Update: Omoju Miller speaks at Etsy’s speaker series, Code as Craft on Feb. 16, 2017 with title: What Makes a Coder? Her talk was written up in the Observer as: Berkeley PhD’s 4-Step Plan to a STEM Pipeline That Works for Everyone.
Dr. Omoju Miller filed her dissertation in December 2015: “HipHopathy, A Socio-Curricular Study of Introductory Computer Science”.
Omoju was hooded at the SESAME commencement on May 19, 2016. Shepublished an incredible reflective essay of her journey: 15+ Years Of Learning Computational Intelligence.
Excerpts:
I googled “computer science education”, I googled “cognitive science” and SESAME program at Berkeley came up. I saw Alice Agogino’s name, read her bio and decided that was the woman I wanted to learn with. I sent her an email, 15 minutes later she replied, I set up an appointment and two weeks later I was sitting in her office.

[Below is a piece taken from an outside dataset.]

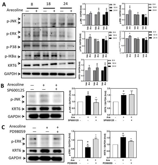 Arecoline treatment up-regulated KRT6 protein expression via ERK–NFκB signaling pathway. (A) S-G cells were treated with arecoline (12.5 μg/mL) for 8, 18, and 24 h. The protein expression levels of p-JNK, p-ERK, p-38, p-IKBαser32/36, and KRT6 were determined by Western blot analysis. Left: Western blot; right: quantitative results. S-G cells were pretreated with or without a JNK inhibitor (SP600125, 10 μM) (B) or an MEK inhibitor (PD98059, 10 μM) (C) for 2 h before incubating with 12.5 μg/mL of arecoline for 24 h. Protein expression levels of p-JNK, p-ERK, and KRT6 were analyzed using Western blot analysis. GAPDH was used as the loading control. Right, Western blot; left, quantitative results. Columns, mean of more than triplicate analysis; bars, SE. * p < 0.05 and ** p < 0.01 indicate the significance levels of arecoline treatment groups compared to the control group. + p < 0.05 and ++ p < 0.01 indicate the significance levels compared within the arecoline-treated groups.

Berkeley is the place where the “secret” dreams that I dreamt started coming true. For the first time in my professional life, I was part of a team that was led by a woman — Alice Agogino. For the first time, I also got to work with another black person professionally — Ryan Shelby. I got to intern in a company founded by a black man — Gene Wade, UNow. There were many great first. I got to go to the White House, I got to host my own TEDx conference. I became a thought leader in my field. I was encouraged to inject my voice in my research — I am forever grateful to Bernard Gifford who scolded and molded my research trajectory.
Through my work in inclusion, I was invited to join roundtables that the White House was holding around diversifying its applicant pool for the presidential innovation fellows. I would later serve as a volunteer advisor to that program. This put me on the national stage. Because of that I got invited to attend a White House hackathon on data and education. My team won, and we went back to the White House to present our winning idea, #ThisISGrit. Eventually all this work got me on the radar of Google, and I went to serve there as CSEd subject matter for Google.org.
I came to Berkeley at a time in my life when I was looking for hope. Berkeley gave that to me. My time at Berkeley exposed me to people who were crafting fields, serving in presidential administrations, folks that dared to believe in inventing the future. In time I came to see my reflection in them. It was at Berkeley where I put the pieces of my life back together and discovered that I too could dare to dream, that I too could invent our future.
Featured image caption (top of page): Omoju at the White House after presenting #ThisIsGrit. 2013.